そして昨年末発売になった新モデル「CR-S1」は、設計がガラリと変わって、樹脂製の新筐体となっている。ボディ全体はかなり小型化され、軽量化も実現した。ただケーブルはボディ直付けでリケーブルできなくなっている。ケーブル自体はOFCだ。
ボディにL/Rの表記がないので装着に戸惑うが、L側には小さくポッチがあるので、手触りで把握できる。イヤーチップも同じくシリコン製だが、サイズがS、M、Lの3サイズとなっている。
ではここでCRシリーズに搭載の技術をご紹介しよう。まずメインとなるWARPシステムとは、スピーカーの再生状態を仮想的に再現する技術だ。スピーカーから音を聴く場合、まずは前方から聴こえるという大前提があるのだが、右のスピーカーから出た音は、右耳に到達するが、遅れて左耳にも到達する。顔のサイズからすればほんの少ししか遅れないのだが、そうした違いや音の強弱によって、人間は音源の距離と方向を判断している。
一方イヤフォンで聴く場合、右の音は右耳でしか聴こえず、左耳に到達することはない。そのため、左右のセパレーションはいいが、音の定位は左右の音量差のみで決まる。左右から同じ音量が出ていれば真ん中、というわけだ。これは一見十分なようだが、音像としては耳と耳の線をまっすぐ結んだ直線上に配置することになる。こうした頭の中だけで定位する現象を、脳内定位と呼んでいる。
脳内定位の問題は、昔から様々な解決策が模索されてきた。2007年にソニーのパーソナルフィールドスピーカー「PFR-V1」を取材したことがあるが、これはアコースティック技術で脳内定位問題に取り組んだ例である。

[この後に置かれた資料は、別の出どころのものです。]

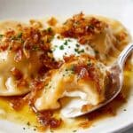 Pierogi Ruskie are traditional Polish dumplings filled with a creamy mixture of potatoes and cheese. These comforting bites are topped with buttery onions and served with sour cream, making them a beloved dish perfect for family meals or special occasions.
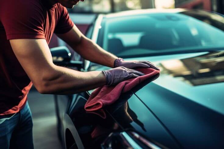 The vehicle is carefully dried using clean microfiber towels to prevent water spots and streaks.
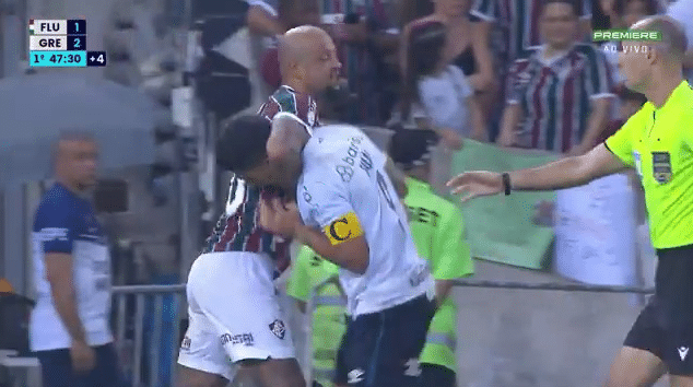 Mesmo em um jogo de pouco valor, Fluminense e Grêmio vêm proporcionando emoção para os torcedores presentes no Maracanã. Foram três gols só na primeira etapa, sendo dois para o Imortal, que vai vencendo por 2 a 1. No momento do segundo tento, Felipe Melo e Luis Suárez roubaram a cena.
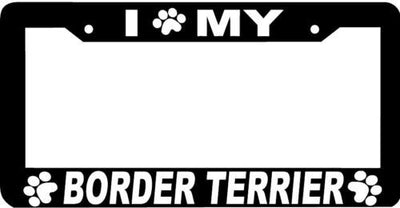 BORDER TERRIER paw print License Plate Frame Plastic License Plate Frame Polystyrene plastic with vinyl graphics. Strong with tabs on the back to secure your plate to the frame. This is a buy it now for the frame pictured It is designed to fit a US/CANADA license plate.
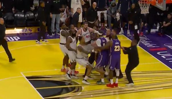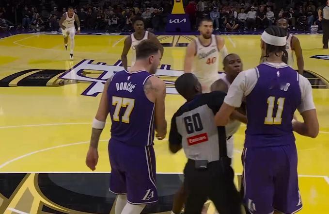 打起来了!这才是洛杉矶德比! 邓恩抢篮板先推倒了东契奇,裁判没有响哨。东契奇起身后走到邓恩面前喷了两句,邓恩拿球直接砸到东契奇胸口,海斯一看敢动我大哥,上来一把推开邓恩,邓恩回手挥了一拳。 裁判的判罚也很清楚,邓恩两T被驱逐,海斯吃到1个技术犯规,保留了有用之身。 海斯经过这一场比赛,荣升为东契奇的头号保镖。
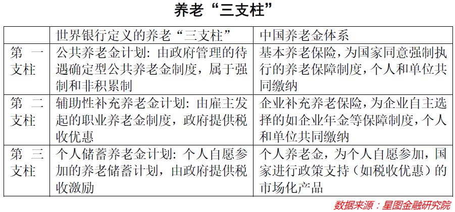 1994年,世界银行在《防止老龄危机——保护老年人及促进增长的政策》中首次提出养老金三大支柱模式,也是目前全球各国普遍的养老体系。根据世界银行的定义:

近年ではクリエイティブの「Super X-Fi」があるが、これはオーディオプロセッシングによるアプローチと言える。
さらにAppleのAirPods Pro及びAirPods MaxとiPhoneとの組み合わせでは、「空間オーディオ」が体験できるようになった。ジャイロセンサー情報を使い、音を常に画面方向から定位させる技術だが、これも脳内定位問題解決の重要なアプローチである。ただこれは音源が立体音響でないと機能せず、主に映画鑑賞用での利用となる。
一方でWARPシステムは、電気的アプローチでこの問題を解決する取り組みのようだ。公式サイトの説明には、「帯域・レベル等を調整したLチャンネルとRチャンネルの信号をそれぞれ反対側のチャンネルに混ぜ合わせるイヤフォン向けの音響回路です」とある。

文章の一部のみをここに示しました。